What you are asked to do
Copy out every record below, word for word.

Records to use
• • •

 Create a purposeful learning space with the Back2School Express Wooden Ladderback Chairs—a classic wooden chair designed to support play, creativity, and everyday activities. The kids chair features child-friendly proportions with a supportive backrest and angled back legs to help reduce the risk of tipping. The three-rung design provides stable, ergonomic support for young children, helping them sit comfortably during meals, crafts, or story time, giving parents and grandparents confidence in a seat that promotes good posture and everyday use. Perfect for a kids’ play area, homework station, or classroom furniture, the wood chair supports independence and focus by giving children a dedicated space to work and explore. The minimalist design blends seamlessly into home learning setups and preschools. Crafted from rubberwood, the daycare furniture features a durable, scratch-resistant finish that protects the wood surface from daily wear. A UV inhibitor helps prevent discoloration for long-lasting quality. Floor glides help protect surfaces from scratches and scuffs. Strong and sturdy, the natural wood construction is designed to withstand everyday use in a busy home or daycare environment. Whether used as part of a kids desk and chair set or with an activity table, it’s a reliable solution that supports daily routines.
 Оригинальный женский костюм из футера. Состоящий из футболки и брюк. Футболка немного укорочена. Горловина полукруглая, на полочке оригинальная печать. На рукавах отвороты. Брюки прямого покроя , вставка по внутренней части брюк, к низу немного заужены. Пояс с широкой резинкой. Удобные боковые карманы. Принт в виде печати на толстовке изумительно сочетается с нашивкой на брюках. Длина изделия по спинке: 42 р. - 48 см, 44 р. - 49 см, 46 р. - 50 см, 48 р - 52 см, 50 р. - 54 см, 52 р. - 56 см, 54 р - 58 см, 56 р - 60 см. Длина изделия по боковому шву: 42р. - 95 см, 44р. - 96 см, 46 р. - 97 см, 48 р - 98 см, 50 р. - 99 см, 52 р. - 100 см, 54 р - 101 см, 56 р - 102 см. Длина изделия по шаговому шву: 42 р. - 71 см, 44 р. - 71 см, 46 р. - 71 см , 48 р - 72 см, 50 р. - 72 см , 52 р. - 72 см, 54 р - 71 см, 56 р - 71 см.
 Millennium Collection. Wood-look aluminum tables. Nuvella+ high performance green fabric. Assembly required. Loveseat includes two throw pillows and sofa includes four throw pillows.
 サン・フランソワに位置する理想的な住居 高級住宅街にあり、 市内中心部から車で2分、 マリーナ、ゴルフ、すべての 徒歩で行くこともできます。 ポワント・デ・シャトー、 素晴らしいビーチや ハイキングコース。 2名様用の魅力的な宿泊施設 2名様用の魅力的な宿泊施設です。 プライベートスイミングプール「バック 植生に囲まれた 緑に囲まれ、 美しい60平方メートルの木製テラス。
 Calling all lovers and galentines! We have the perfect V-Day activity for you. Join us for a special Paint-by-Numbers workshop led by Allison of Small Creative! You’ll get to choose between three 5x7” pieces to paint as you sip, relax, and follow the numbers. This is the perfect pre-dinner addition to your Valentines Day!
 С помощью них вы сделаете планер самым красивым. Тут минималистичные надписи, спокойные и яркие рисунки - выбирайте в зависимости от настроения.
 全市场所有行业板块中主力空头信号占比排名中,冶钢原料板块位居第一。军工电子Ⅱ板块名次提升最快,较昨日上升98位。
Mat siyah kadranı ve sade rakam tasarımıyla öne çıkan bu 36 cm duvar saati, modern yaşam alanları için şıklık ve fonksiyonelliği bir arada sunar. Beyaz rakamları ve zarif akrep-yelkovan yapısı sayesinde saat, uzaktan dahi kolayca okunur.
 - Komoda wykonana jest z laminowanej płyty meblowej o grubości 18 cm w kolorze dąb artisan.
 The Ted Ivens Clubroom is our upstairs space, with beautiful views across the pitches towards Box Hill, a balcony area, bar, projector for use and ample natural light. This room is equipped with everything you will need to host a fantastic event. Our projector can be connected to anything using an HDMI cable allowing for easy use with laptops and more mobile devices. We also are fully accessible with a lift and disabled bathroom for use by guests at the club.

• • •

Solution
 Create a purposeful learning space with the Back2School Express Wooden Ladderback Chairs—a classic wooden chair designed to support play, creativity, and everyday activities. The kids chair features child-friendly proportions with a supportive backrest and angled back legs to help reduce the risk of tipping. The three-rung design provides stable, ergonomic support for young children, helping them sit comfortably during meals, crafts, or story time, giving parents and grandparents confidence in a seat that promotes good posture and everyday use. Perfect for a kids’ play area, homework station, or classroom furniture, the wood chair supports independence and focus by giving children a dedicated space to work and explore. The minimalist design blends seamlessly into home learning setups and preschools. Crafted from rubberwood, the daycare furniture features a durable, scratch-resistant finish that protects the wood surface from daily wear. A UV inhibitor helps prevent discoloration for long-lasting quality. Floor glides help protect surfaces from scratches and scuffs. Strong and sturdy, the natural wood construction is designed to withstand everyday use in a busy home or daycare environment. Whether used as part of a kids desk and chair set or with an activity table, it’s a reliable solution that supports daily routines.
 Оригинальный женский костюм из футера. Состоящий из футболки и брюк. Футболка немного укорочена. Горловина полукруглая, на полочке оригинальная печать. На рукавах отвороты. Брюки прямого покроя , вставка по внутренней части брюк, к низу немного заужены. Пояс с широкой резинкой. Удобные боковые карманы. Принт в виде печати на толстовке изумительно сочетается с нашивкой на брюках. Длина изделия по спинке: 42 р. - 48 см, 44 р. - 49 см, 46 р. - 50 см, 48 р - 52 см, 50 р. - 54 см, 52 р. - 56 см, 54 р - 58 см, 56 р - 60 см. Длина изделия по боковому шву: 42р. - 95 см, 44р. - 96 см, 46 р. - 97 см, 48 р - 98 см, 50 р. - 99 см, 52 р. - 100 см, 54 р - 101 см, 56 р - 102 см. Длина изделия по шаговому шву: 42 р. - 71 см, 44 р. - 71 см, 46 р. - 71 см , 48 р - 72 см, 50 р. - 72 см , 52 р. - 72 см, 54 р - 71 см, 56 р - 71 см.
 Millennium Collection. Wood-look aluminum tables. Nuvella+ high performance green fabric. Assembly required. Loveseat includes two throw pillows and sofa includes four throw pillows.
 サン・フランソワに位置する理想的な住居 高級住宅街にあり、 市内中心部から車で2分、 マリーナ、ゴルフ、すべての 徒歩で行くこともできます。 ポワント・デ・シャトー、 素晴らしいビーチや ハイキングコース。 2名様用の魅力的な宿泊施設 2名様用の魅力的な宿泊施設です。 プライベートスイミングプール「バック 植生に囲まれた 緑に囲まれ、 美しい60平方メートルの木製テラス。
 Calling all lovers and galentines! We have the perfect V-Day activity for you. Join us for a special Paint-by-Numbers workshop led by Allison of Small Creative! You’ll get to choose between three 5x7” pieces to paint as you sip, relax, and follow the numbers. This is the perfect pre-dinner addition to your Valentines Day!
 С помощью них вы сделаете планер самым красивым. Тут минималистичные надписи, спокойные и яркие рисунки - выбирайте в зависимости от настроения.
 全市场所有行业板块中主力空头信号占比排名中,冶钢原料板块位居第一。军工电子Ⅱ板块名次提升最快,较昨日上升98位。
Mat siyah kadranı ve sade rakam tasarımıyla öne çıkan bu 36 cm duvar saati, modern yaşam alanları için şıklık ve fonksiyonelliği bir arada sunar. Beyaz rakamları ve zarif akrep-yelkovan yapısı sayesinde saat, uzaktan dahi kolayca okunur.
 - Komoda wykonana jest z laminowanej płyty meblowej o grubości 18 cm w kolorze dąb artisan.
 The Ted Ivens Clubroom is our upstairs space, with beautiful views across the pitches towards Box Hill, a balcony area, bar, projector for use and ample natural light. This room is equipped with everything you will need to host a fantastic event. Our projector can be connected to anything using an HDMI cable allowing for easy use with laptops and more mobile devices. We also are fully accessible with a lift and disabled bathroom for use by guests at the club.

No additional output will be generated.